The resort has grown over time, now home to 62 free-standing suites and cottages throughout 11 acres with private soaking tubs, outdoor showers, expansive decks and private entrances. A main lodge houses 21 guest rooms all with their own private deck or balcony, plus a shared pool with a jetted hot tub and an art gallery for guests to enjoy, curated by the Goldenstein Gallery.
L’Apothecary Spa at L’Auberge offers an assortment of spa services, with the most intriguing being the Quiet Mind treatment, in which the therapist works with the guest to learn breathing exercises that will allow the guest to truly quiet their mind and focus on relaxation.
In the past, L’Auberge has also hosted geologists and vortex experts on-hand at the resort to grace guests with their knowledge, but this has paused at press time to focus on guest safety following the pandemic. Resort leaders hope to resume these activities in the future. Nightly rates range at L’Auberge from $300 to $1,600 depending on the season and type of accommodation.
L’Auberge does not have an official golf partnership but works with top golf courses in the area such as aforementioned Seven Canyons and the Sedona Golf Resort, located just minutes away from Oak Creek. With a sweeping backdrop of two vortex points, Cathedral Rock and Bell Rock, the par 71 course is as challenging as it is stunning. The championship Troon course is widely considered one of the world’s most unforgettable golf experiences.
“Our signature hole is number 10 and is considered ‘the most photographed par-3 in the Southwest’ but my personal favorite is (hole) number six,” said Jeremy Hayman, general manager at Sedona Golf Resort. “It is an unassuming uphill par-4, but when you get to the green, turn around and look back toward the tee box, it is one of the greatest views in Sedona. Period.”
In contrast to its visitor numbers, Sedona hasn’t grown much in population over the last several decades, as the protected forestlands encompassing the town limit suburban sprawl. But Sedona has undergone major self-improvement and has built upon its foundation. The town’s economy capitalizes on its strengths including art, culinary experiences and unique boutique concepts. Small, independent businesses thrive here, from art galleries, spiritual healing services and fine jewelry stores to breweries, wine bars and souvenir shops.
Although locals are happy to welcome guests back after the pandemic slowed the tourism business down, they encourage everyone to show stewardship for the land.
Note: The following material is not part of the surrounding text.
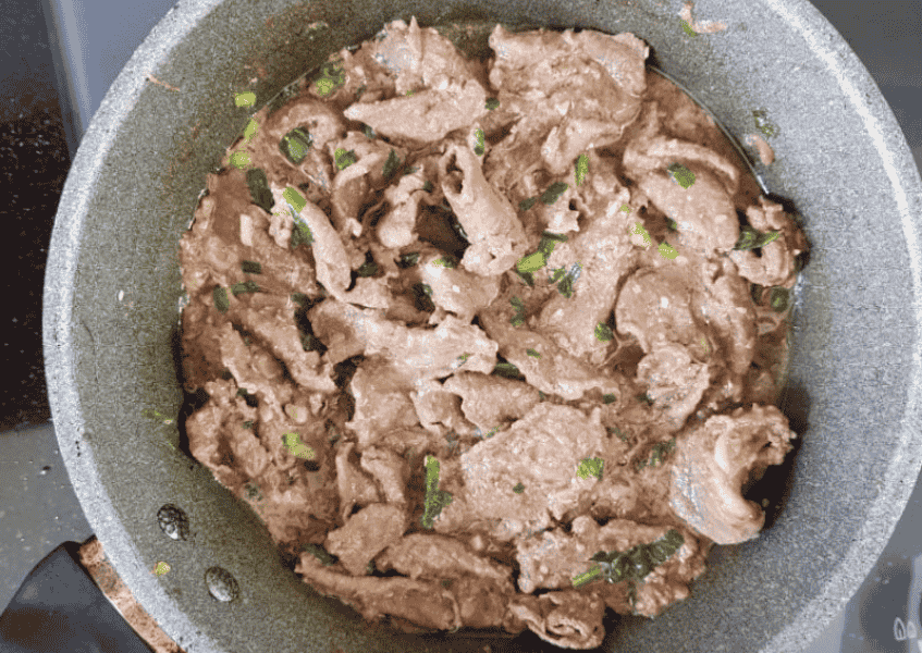 - Thêm thịt bò đã chín, rưới nước sốt, trộn đều tay.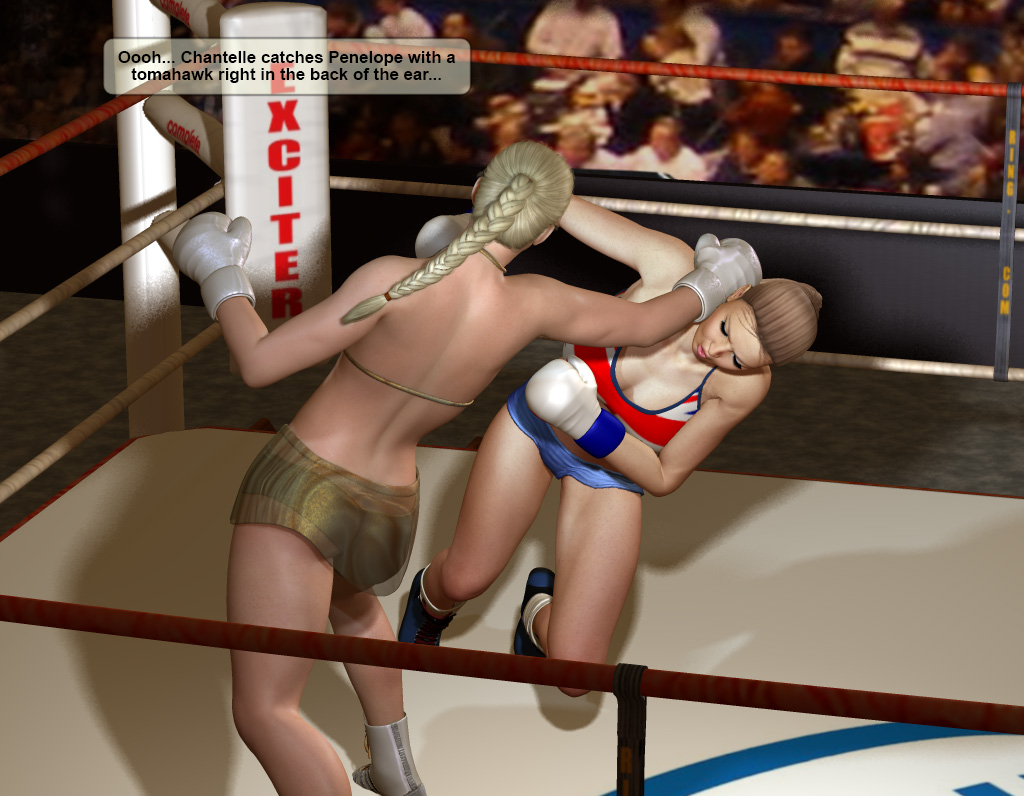 “And Chantelle fires an uppercut . . . it catches Penelope flush on the chin! Penelope staggers back a bit . . . that was the punch Chantelle was hoping to land . . .

Over-tourism, especially among the vortex sites, can create challenges. To take the path less traveled, check out sedonasecret7.com for a list of local favorite hiking and biking trails, compiled by the Sedona Chamber of Commerce & Tourism Bureau (SCC&TB).
The community is in the process of connecting 420 miles of trails in the rugged landscape surrounding Sedona as well as enhancing transit and multi-modal access around the town – including access to public art. Sedona touts an impressive number of resident artists, according to Jennifer Wesselhoff, president of the SCC&TB.
“People are drawn to Sedona for the beauty and that emanates through their art including performance, visual art, creative writing and more,” said Wesselhoff. “The wellness and artistic side of Sedona are so intertwined, and began with the native tribes who left their artwork on the sandstone formations surrounding us.”